I thought I’d inaugurate my site (and my ramblings) with a peek into what it’s like to create an audiobook, lift the curtain as it were to see some of the nutty experiences that break up my workaday life in the studio.
This happened to me just the other night, Monday, January 7, 2008. That day I began to narrate a new title, SPIN by science fiction author Robert Charles Wilson. It’s a really well-written tale about Earth being trapped in a bubble where time flows differently than the rest of the universe. It’s being released digitally by Macmillan Audio (formerly Audio Renaissance) and should debut in March.
It’s late Monday night and I’ve given myself a deadline to hit: 100 pages before I call it a day. Slightly bleary-eyed, I make it to about page 90 when what do I find but a curse in Flemish. And not an everyday curse, mind you, but a whopping sentence-long string of profanity that I just know will keep me at my desk for hours.
See, the hardest part about doing an audiobook is looking up the words we here in
But sometimes it’s anything but easy, and that’s usually when foreign languages are involved. I’ve done books that have lengthy sections in French, German, Japanese, Cantonese, Italian… I’ve even had to dabble in Khmer Rouge! It’s enough to make even a goy like me say “Oy.”

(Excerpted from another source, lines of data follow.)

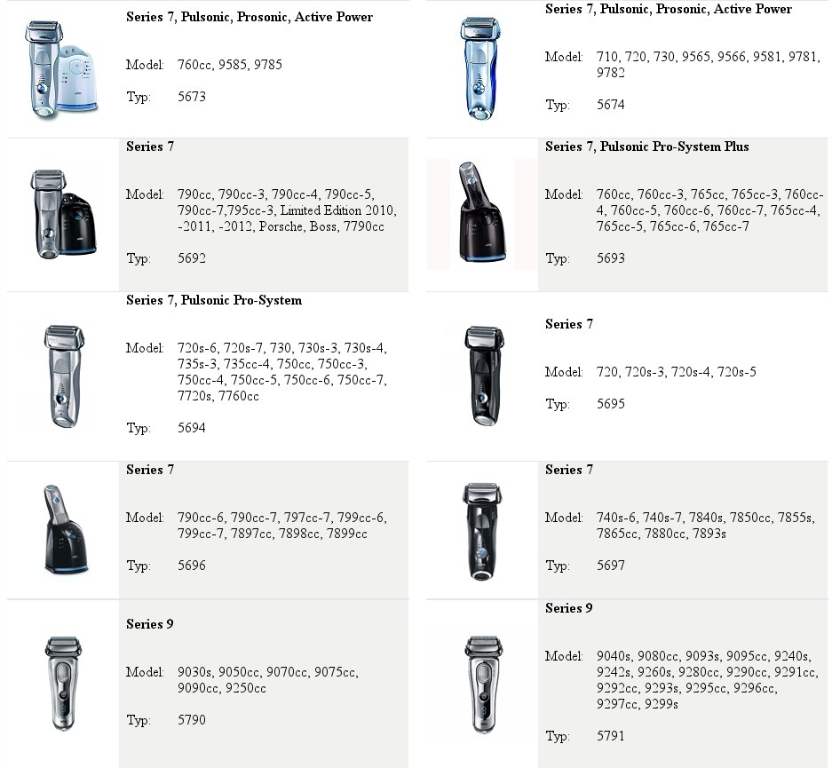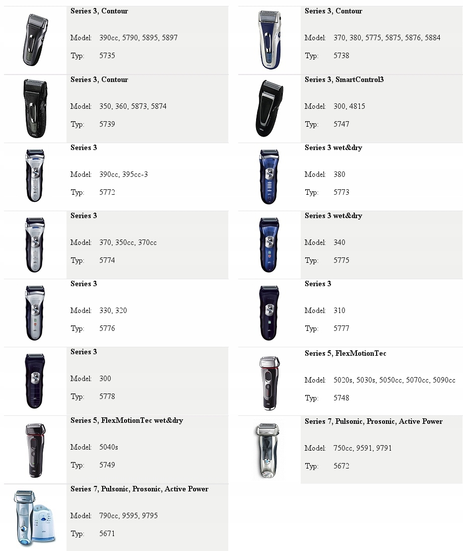 Призначено для таких моделей бритв Braun (натисніть ctrl + f для пошуку):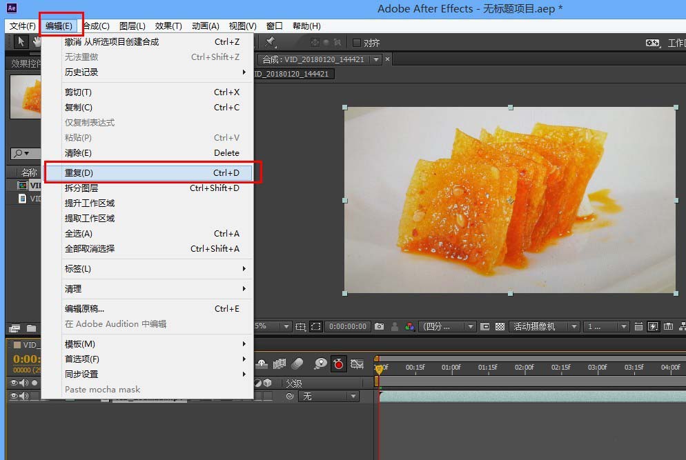 3、點擊編輯重復,或者直接用快捷鍵ctrl +d復制一層,可以看到有了兩個圖層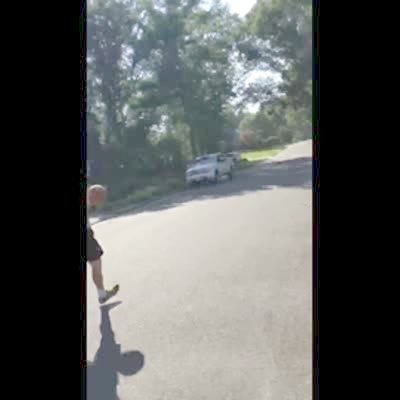 A man tries to dunk a basketball, but he misses and it bounces onto a tot boy in a toy car.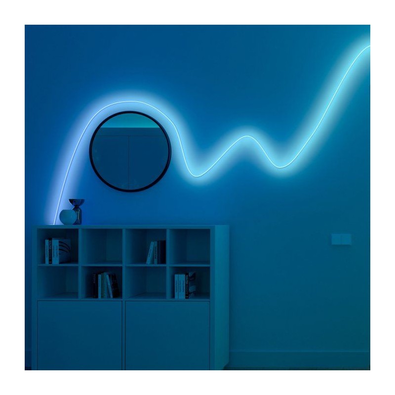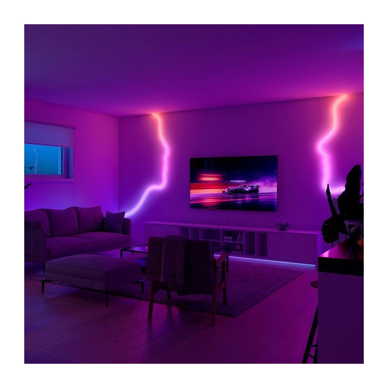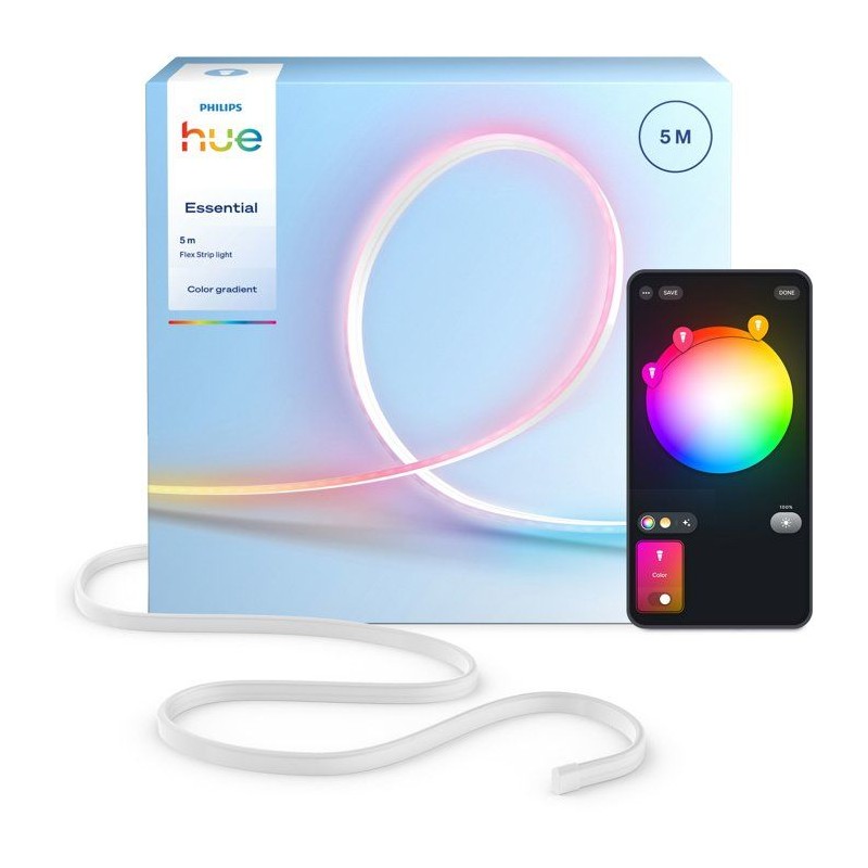 Bienvenue dans l'univers ludique et flexible de la décoration lumineuse : le ruban LED flexible Essential ! Donnez-lui la forme voulue et utilisez-le comme piece maîtresse de la décoration murale dans votre salon, bureau ou chambre d'enfant. Le ruban LED flexible permet de souligner les contours des miroirs et des meubles muraux. Réglez n'importe quel dégradé de couleurs, y compris des effets de lumiere néon captivants pour une ambiance encore plus dynamique. Entrez dans l'univers de l'éclairage connecté Hue : contrôlez vos lampes avec l'application Hue ou a l'aide d'un assistant vocal, configurez des automatisations et faites votre choix parmi des dizaines de scénarios de lumiere.

But the great part is when you’re working with a producer, the director of the piece, ’cuz then it’s THEIR responsibility to look things up. All I have to do is remember how they pronounced it long enough to pronounce it accurately myself on tape, then I can swiftly forget it and focus on the next tough word.
Only trouble is, I’m producing SPIN myself. No help, alas; I’m alone in the booth.
So I hop onto Google and plug in the key words FLEMISH and DICTIONARY. After looking over a half-dozen translation sites I realize I have no chance of finding curse words here. Dictionaries just don’t include them. My best bet is to find the Flemish language’s pronunciation guide; basically, just a primer on how they pronounce their Zs, their Cs, etc., then piece the whole thing together letter by letter, sound by sound. Begin to see why I’m despairing at this point?
So I head back to Google and change my parameters to FLEMISH and PRONUNCIATION. Well, imagine my surprise when I see a link that actually lists the option to “learn to curse in Flemish.” I clicked on it and prayed.
It took me to a site put together by a guy named Luke Swartz, a twentysomething who’s traveled extensively around the world and blogged just as thoroughly about his experiences. One of his pages details the Flemish language and had a link to the “learn to curse” site I so desperately needed at this point. I clicked it… and damned if I didn’t get an error message. “Cannot find server.” Turn around. Nothing to see here, folks, move along.
I began hunting around Luke’s site and finally located his e-mail address. Figured what the heck, I can send out an e-mail like a bottle on the ocean and hope he gets back to me sometime in the next week. If so, I can go back and fill in the appropriate curse. Having said that, I realized it could very likely be months before I heard anything back, if at all. Just because it’s the Internet doesn’t mean we get immediate access; we’re still at the mercy of when someone chooses to read their mail.
I e-mailed Luke and explained the situation, said I was an audiobook narrator who needed to know how to say something accurately in Flemish, and could he point me to the appropriate site? I had an English translation of the curse, and thought briefly about including it, to show him the kind of thing I was looking for. The problem is, it really was a horrible curse. It was the English equivalent of saying, “Goddamn my balls a million times, Jesus!” – apparently, the absolute worst thing you can say in Flemish. So I didn’t send him the curse, leery about cussing in an unsolicited e-mail. I merely asked him to get back when he could and left it at that.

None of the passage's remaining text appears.